Unless and until we see God’s creation as sacred we will never be able to stop the avaricious nature of humankind in the wanton destruction of the environment.
Man, of his own accord, is incapable of genuine integrity.
The ESA has never been abused so brutally as it is right now. Massive industrial scale construction is actively underway smack in the middle of endangered whale migratory paths and feeding grounds. All permitted by our own government.
Ok so Trump and his crew in Washington don’t appreciate the natural world , unless of course you can golf on it, but that doesn’t explain why Rhode Island doesn’t have a water management act, or a natural heritage program. And this in a state where “liberal” politicians have been in power for years. Money talks and leaving water in rivers for aquatic life, protecting our salt ponds and ponds from nutrient enrichment, and limiting development in sensitive areas doesn’t make a certain few individuals as much money as they would like. We can be a greedy disappointing lot most of the time.
Right on. The USDA says.
We use more than 80% excess fertilizer and pesticide in farming. And wind and solar farms are destroying the natural environment of the ocean and open space.
“Bob m” is right on target: we here in Rhode Island are responsible for our own local environmental problem and WE have both the responsibility and the opportunity to act. And, we do have the organizational capacity to effectively act.
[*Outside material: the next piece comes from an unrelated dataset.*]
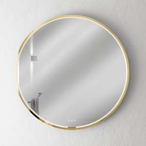 Pulcher Soho Mirror PSM-8080 - 80x80 cm. Spejl m/lys og lysstyring, Mat Messing farvet ramme
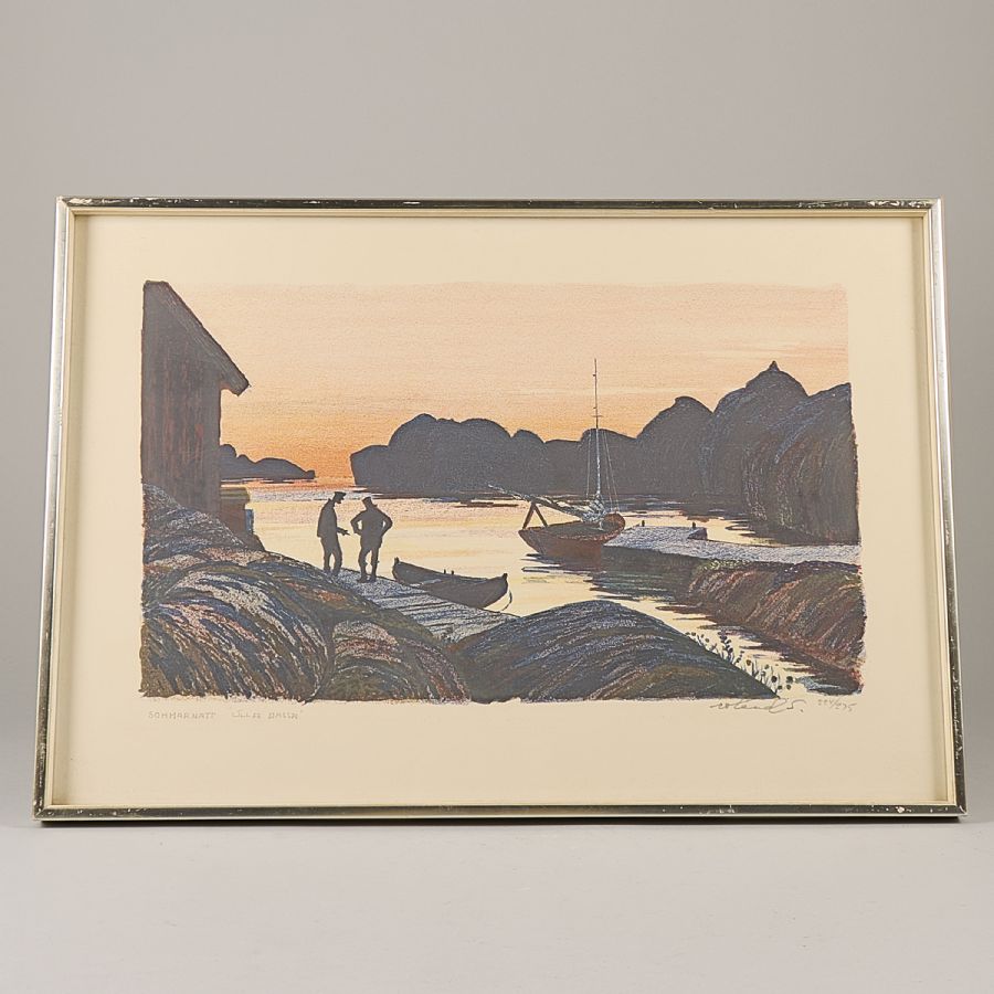 "Sommarnatt Lilla Nassa". Signerad, numrerad 224/275. Färglitografi, bildmått: 28x45 cm, yttermått inklusive ram: 42x61 cm

Two of our largest conservation organizations have full time “Advocacy” directors, Audubon and Save the Bay. The Land Trust Council has a full time director and local affiliates in what, 32 towns? The Nature Conservancy is generally shy of political action, but they are a major, perhaps thee major scientific support supplier to the development of our Wildlife Action Plans—they know where the birds and the bees are and plenty of their sources of information reside at our universities and colleges. And we have an umbrella lobbyist, the ECRI. …Membership across all these organizations and their geographic spread amount to a formidable engine for political advocacy. …The trick is firing up the starter.